La complexité n’est pas la complication, la complexité est une augmentation de la quantité d’information organisée de façon stable avec le plus d’autonomie possible à chaque niveau d’organisation, en diminuant la dépendance et en la remplaçant par l’interdépendance, dans laquelle on peut repérer des principes de fonctionnement simple qui engendrent des effets gracieux (un cheval au galop). Un cheval est beaucoup plus complexe qu’une automobile.

La complexité tend à ajouter de l’hétérogénéité, de l’autonomie à chaque niveau d’organisation, de l’interdépendance, de la diversité; elle tend à organiser les éléments les plus divers et souvent contradictoires pour les faire travailler ensemble à multiples buts, et ensuite à se relier avec les autres organismes complexes pour ajouter un étage complet de complexité (par exemple passer d’unicellulaire à multicellulaire).

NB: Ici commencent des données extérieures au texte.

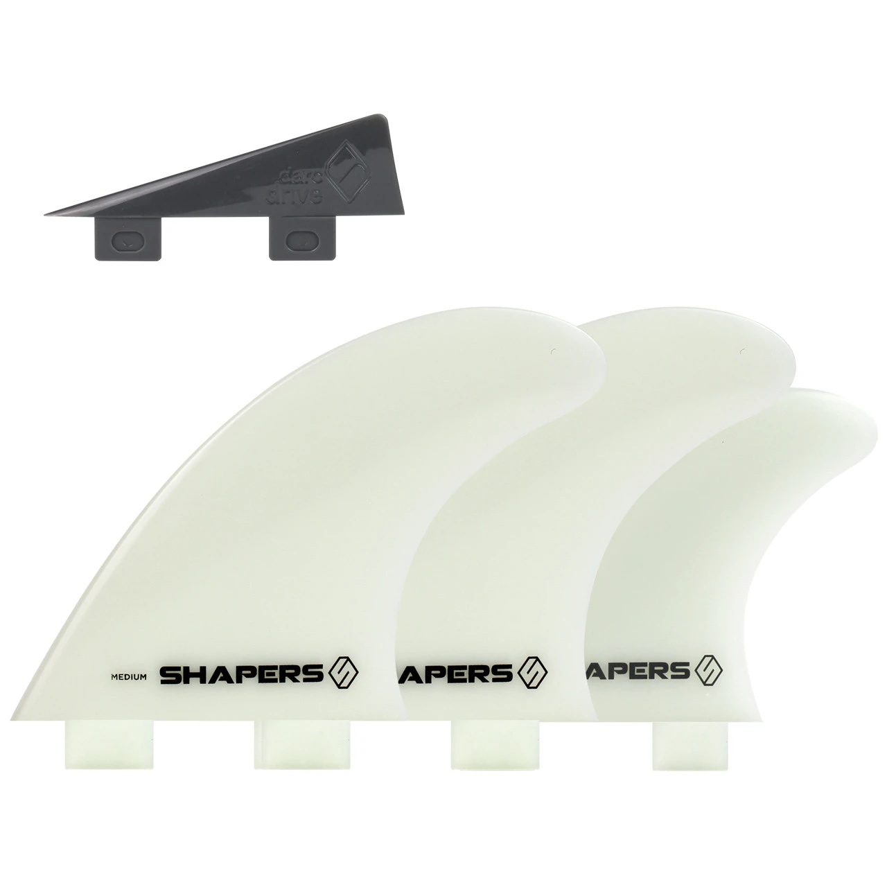 An all round fin set-up by Shapers that is internationally recognised as a ‘go to set-up’ for surfers in the medium weight category (65-80kgs). The Medium blends drive, control and release seamlessly, and is offered in Shapers Core-lite and Carbon Stealth to give surfers the choice of fin flex properties, fin responsiveness and overall performance. A very reliable fin choice for performance in all surf conditions.
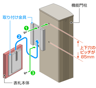 【 表札の上下1ヶ所ずつ(計2ヶ所)でビス留め・穴ピッチ85mmの門柱に対応します 】
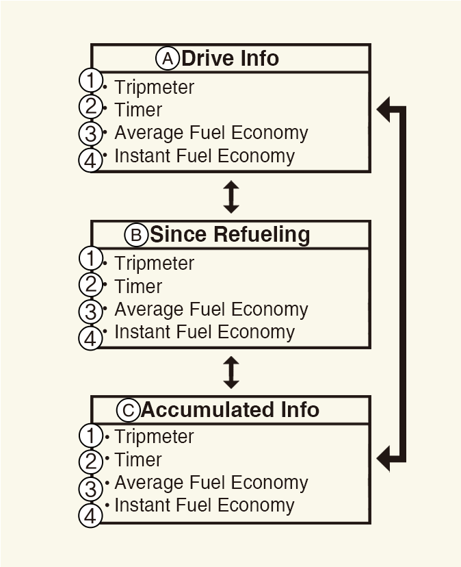 תצוגה זו מציגה את מרחק הנסיעה (1), את צריכת הדלק הממוצעת (2), ואת זמן הנסיעה הכולל (3) פעם אחת בכל מחזור התנעה אחד.
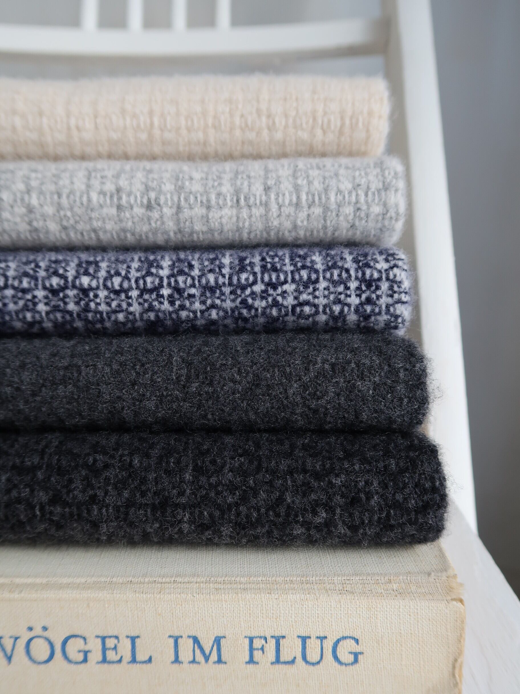 そのウール糸を、タテヨコで掛け合わせ組織織りにし、織り目を詰め過ぎず、ふっくらと厚みを出しながら織り上げました。
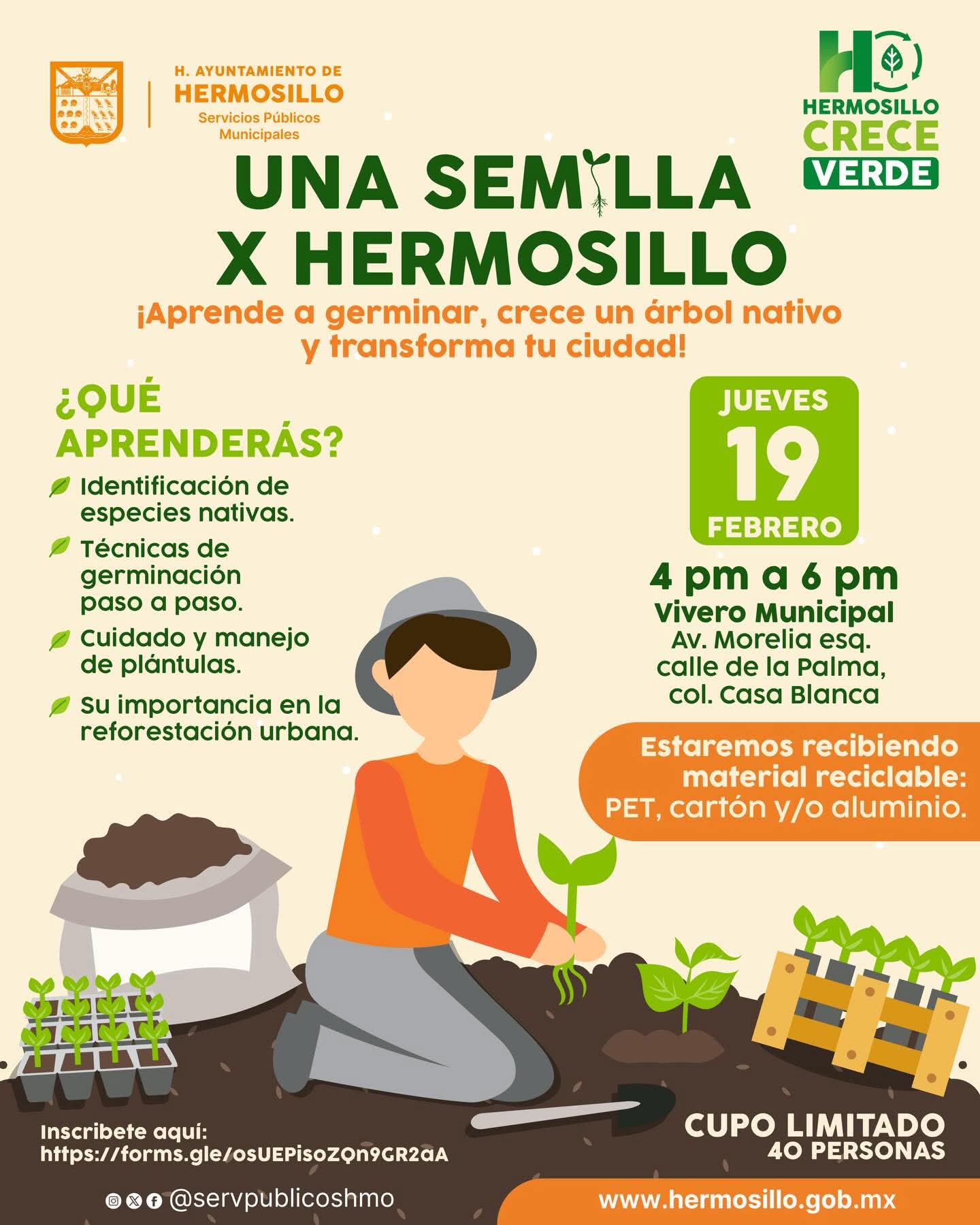 Una invitación a las y los hermosillenses a asistir al taller gratuito “Una Semilla X Hermosillo” donde aprenderán a germinar y crecer un árbol nativo para contribuir a transformar la ciudad realizó Amparo Fontanot Ochoa, directora de Parques y Jardines de Servicios Públicos Municipales.
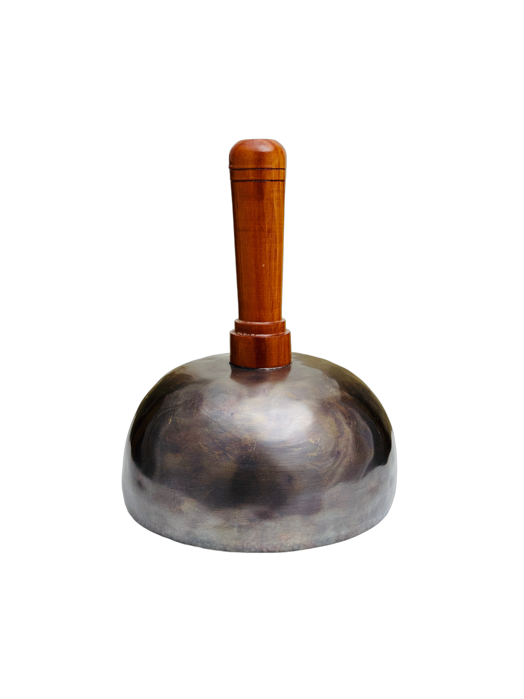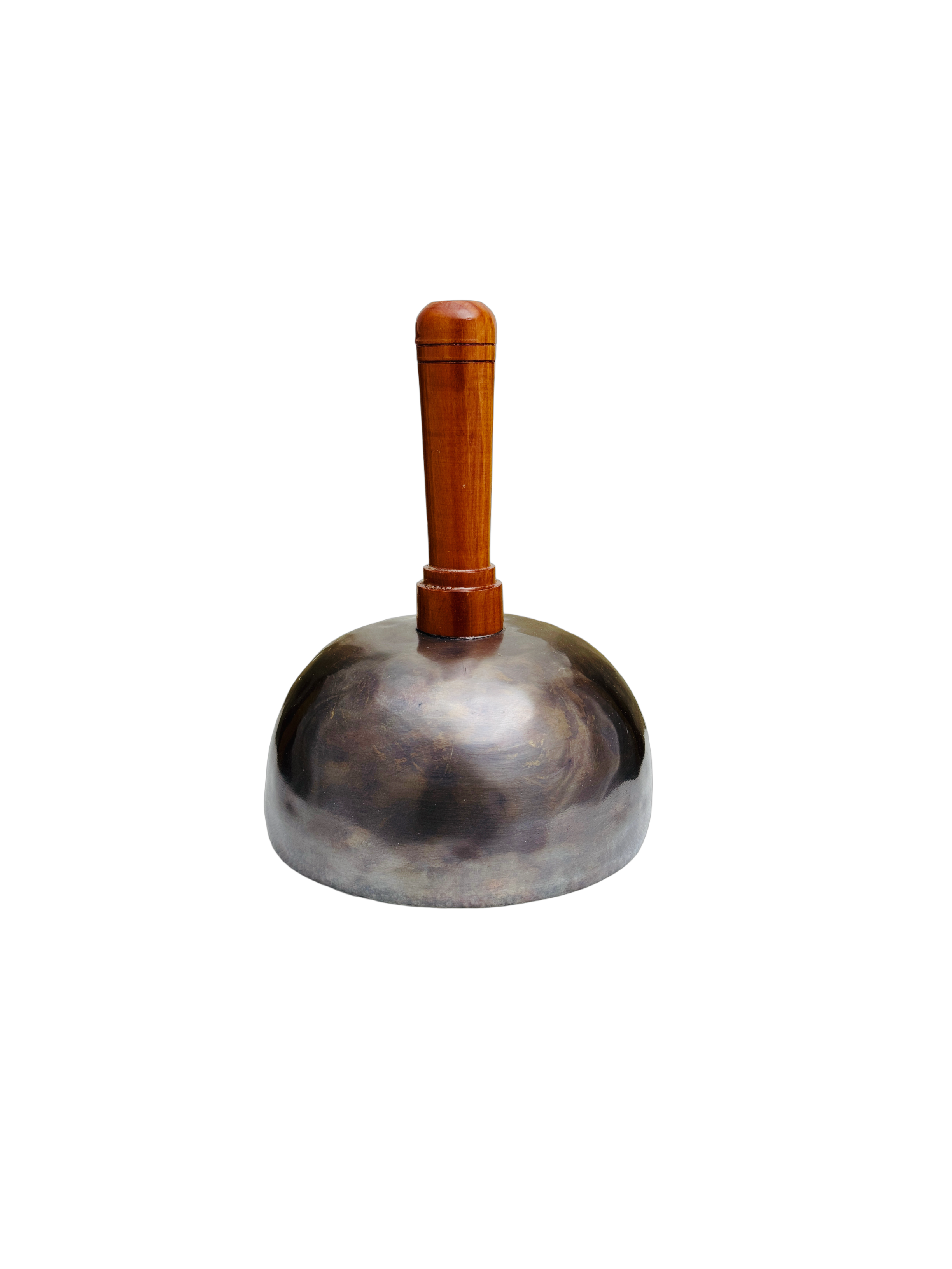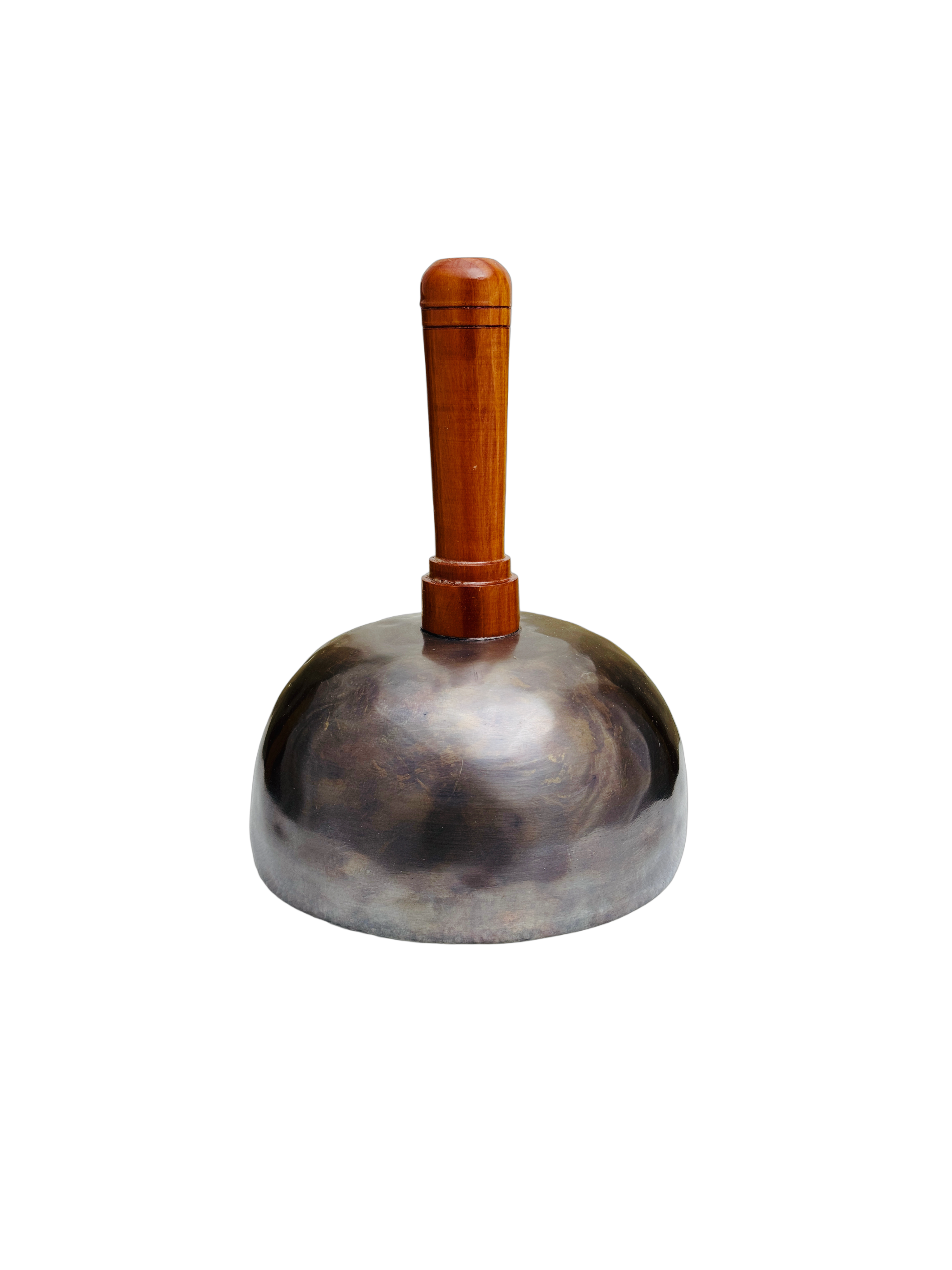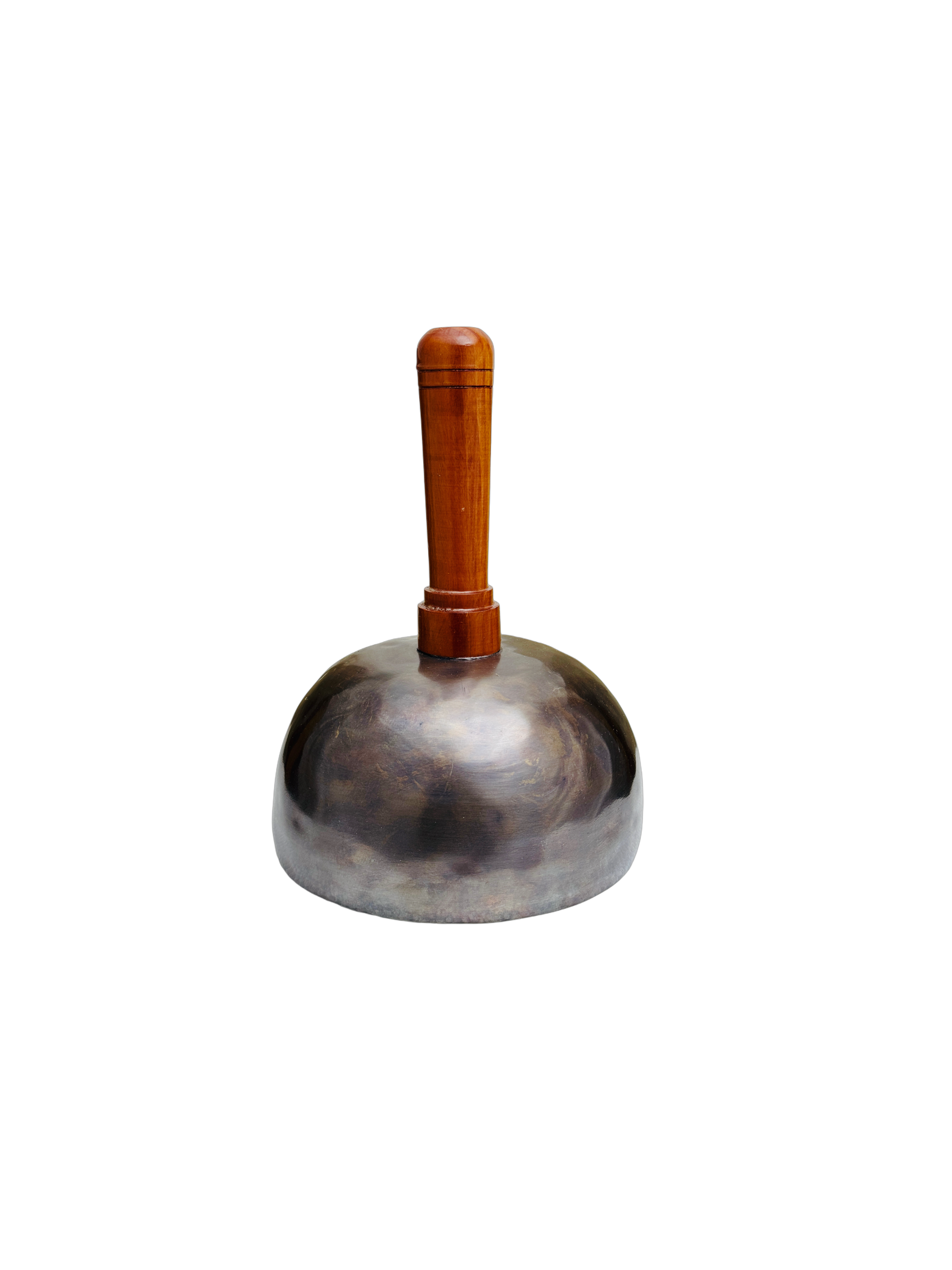 Handheld Brass Singing Bowl with Wooden Handle Experience the soothing and resonant tones of this Handheld Bronze singing bowl, thoughtfully designed for ease of use and deep relaxation. Unlike traditional singing bowls, this unique design features a sturdy wooden handle, allowing for a comfortable grip and effortless playing. Whether used for meditation, yoga, or sound therapy, this singing bowl produces harmonious vibrations that promote tranquility and mindfulness.

Donc, toujours autonomisation, interdépendance, diversification, organisation interne, collaboration externe, métaorganisation (comme les métazoaires, ou comme une ruche d’abeilles). Cela nécessite un principe historique de discontinuité (rompre avec le passé : muter, par exemple) et de continuité (préserver la mémoire des bons coups : la génétique et l’épigénétique, par exemple).

Voilà un jeu de valeurs lancé dans la création : diversification, contradiction, lien entre les contradictions, organisation à des niveaux de plus en plus élevés d’interdépendance et d’autonomie, participation des organisations pour arriver à de hauts niveaux de métaorganisation, souplesse, grâce et adaptabilité, capacité d’autoréparation … Ces valeurs s’exprime dans un mouvement : l’évolution pointe vers des finalités…

Un mot sur le concept d’organisation, c’est-à-dire le développement d’organismes. Un organisme n’est pas un mécanisme. Dans un organisme, tout contribue à penser et à réaliser le système, tout participe du système et participe au système. Dans un mécanisme, chaque élément est en réalité statique en lui-même, il obéit à des engrenages et à des programmations.

Si la beauté est l’agencement dynamique du maximum de contradictions dans l’unité maximum du fonctionnement pour inspirer et multiplier les forces créatives, alors une des grandes valeurs de l’évolution est sans doute la beauté, une beauté qui s’élargit, s’approfondit, se différencie, se multiplie à l’infini, une beauté sans but spécifique mais orientée vers des finalités.

Dissocier l’entropie et la néguentropie est une violence contre la vie. Ce n’est pas introduire une valeur dans la dynamique des valeurs de la nature, c’est détraquer le fonctionnement universel de la nature.

Lorsque la consommation se limite à une assimilation, à une accumulation d’objets, à la réduction de sujet en objet utilisé puis jeté, elle se dissocie des processus vitaux d’autonomie, de recyclage, de fertilisation, d’ensemencement… La nouvelle économie nommée « économie circulaire » vise à lutter contre ce mal. L’économie de surconsommation constitue une grave métaviolence, c’est-à-dire une violence contra violence supposée de la nature. On est dans l’univers de l’Ogre qui a tout dévoré et risque de disparaître.